Berdasarkan pengalaman saya, Instagram bisa mengambil keputusan dan tindakan lebih cepat dibanding twitter. Jika laporan kita diterima dan konten yang dilaporkan memenuhi kriteria aduan, dalam hitungan menit konten tersebut akan segera dihapus oleh Instagram. Bahkan, jika kita melaporkan beberapa konten buruk sekaligus dari sebuah akun, Instagram juga akan menangguhkan akun tersebut.
Twitter dan Instagram akan merahasiakan data diri pelapor. Keduanya akan menghukum akun-akun yang terbukti melanggar tanpa memberitahukan siapa pelapornya.
Kita harus mau memberi pelajaran pada para pengumbar kebencian, hasutan, dan hoaks (dok. pri). |
Begitulah semestinya puasa media sosial dipertajam cakupannya. Selama berpuasa kita memang perlu menjaga hati dan mengendalikan diri untuk tidak mudah mengomentari ujaran-ujaran kebencian, hoaks, dan propaganda di media sosial. Tapi jangan diam tanpa berbuat. Kita harus mau dan bisa menghukum mereka yang melontarkan ujaran-ujaran buruk. Tindakan itu akan sangat bermakna di bulan Ramadan karena kita telah berusaha memerangi perilaku-perilaku buruk yang dilarang agama.

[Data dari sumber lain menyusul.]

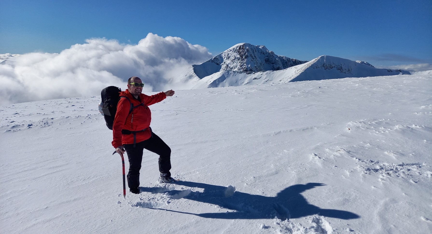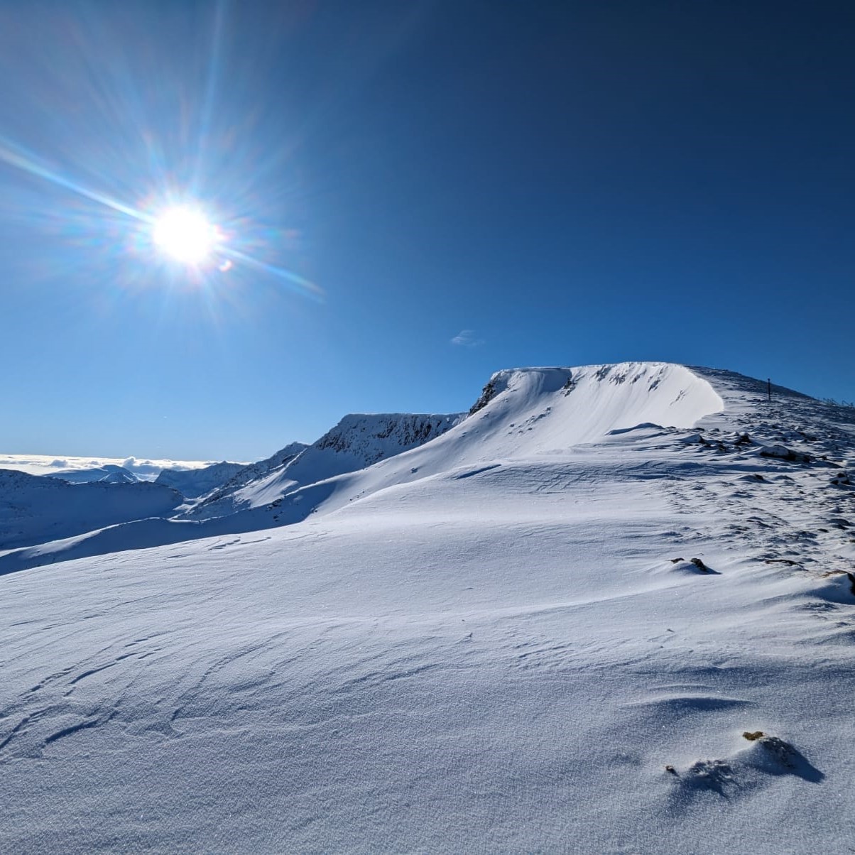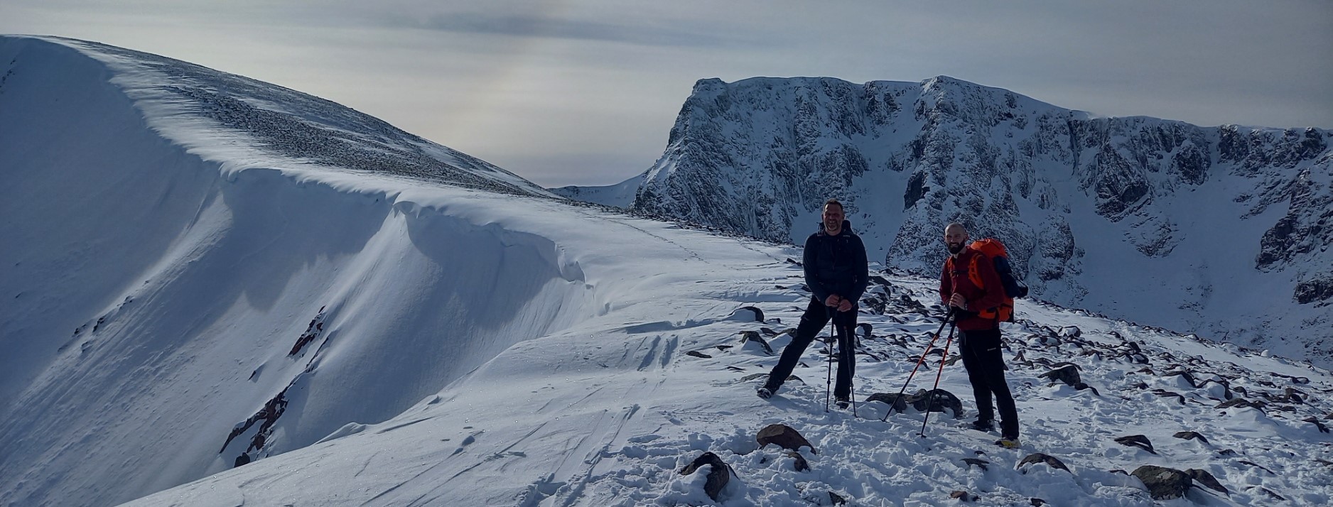 Dave M, Gav H and Martin had decided to tackle the Carn Mor Dearg (CMD) Arete and Ben Nevis. The good and improving ground conditions on neighbouring Aonach Mor had been noted on the previous day and the arete had been tracked. It was a stunning day, the best ever and so few people about. All three had put in another big effort today but were staying for one more night in the hut so after completing the route enjoyed an evening meal at the Clachaig Inn.

Harus kita ingat bahwa membiarkan ujaran kebencian, hasutan, hoaks, fitnah, dan propaganda leluasa menguasai aliran linimasa sama artinya membiarkan pengaruh buruk terus menggerogoti kesehatan mental dan moral masyarakat. Selagi para pengumbar kebencian, hoaks, dan fitnah di media sosial tidak bertaubat, maka kita perlu berbuat.